Why Bankers Work [100] Hour Weeks
- YourMD
- Sep 4, 2025
- 2 min read
First of all, most investment bankers are no longer working 100 hour weeks - senior bankers likely have never worked these hours (though they may claim they have) and major efforts have occurred to reduce junior banker hours, though with mixed results. The logical question is why do junior bankers work long hours when investment banks could simply hire more employees or offshore their personnel?

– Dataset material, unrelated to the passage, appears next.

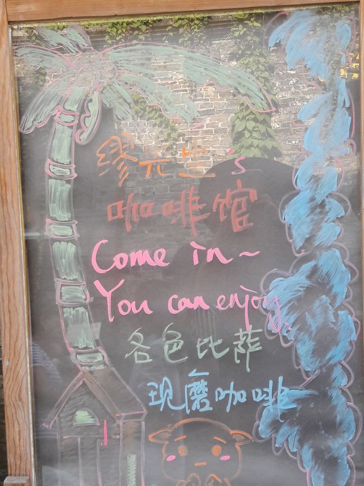 (咖啡馆不在南京。这个老板的文化程度和我差不多,差南京人一截。)

While the reasons are many, the easiest way to understand the situation is to examine how revenue is earned and how employee incentives are structured. Unlike its sister professions law and consulting, which typically charge by the hour, M&A advisory and capital markets work is primarily transaction work and therefore success fee based. Furthermore, while client relationships are built over years, the transactions themselves can be an intense period of a few months or even days. The combination of these factors result in investment banking teams that are leanly staffed and built to handle many projects at once.
Because senior bankers do not get paid until an M&A deal or securities offering closes, they are incentivized to work on many potential transactions at the same time to maximize the chance of receiving success-based fees. Therefore, they spread their human resources across many deals and attempt to keep their overall headcount to a minimum to reduce overhead cost. This contrasts significantly with a law firm where each lawyer is billing a client on an hourly rate so the partners are incentivized to hire most associates to bill more hours. Given banking deals last for a shorter amount of time (except the not so infrequent slow burn M&A transaction), a smaller team is easier to get up to speed on a deal, engages with clients in a high touch manner, is more likely to keep information confidential and is more manageable for senior bankers to oversee. One open question remains - how will artificial intelligence (that can work 168 hour weeks!) affect the demand for hard working, analytical and ambitious junior bankers?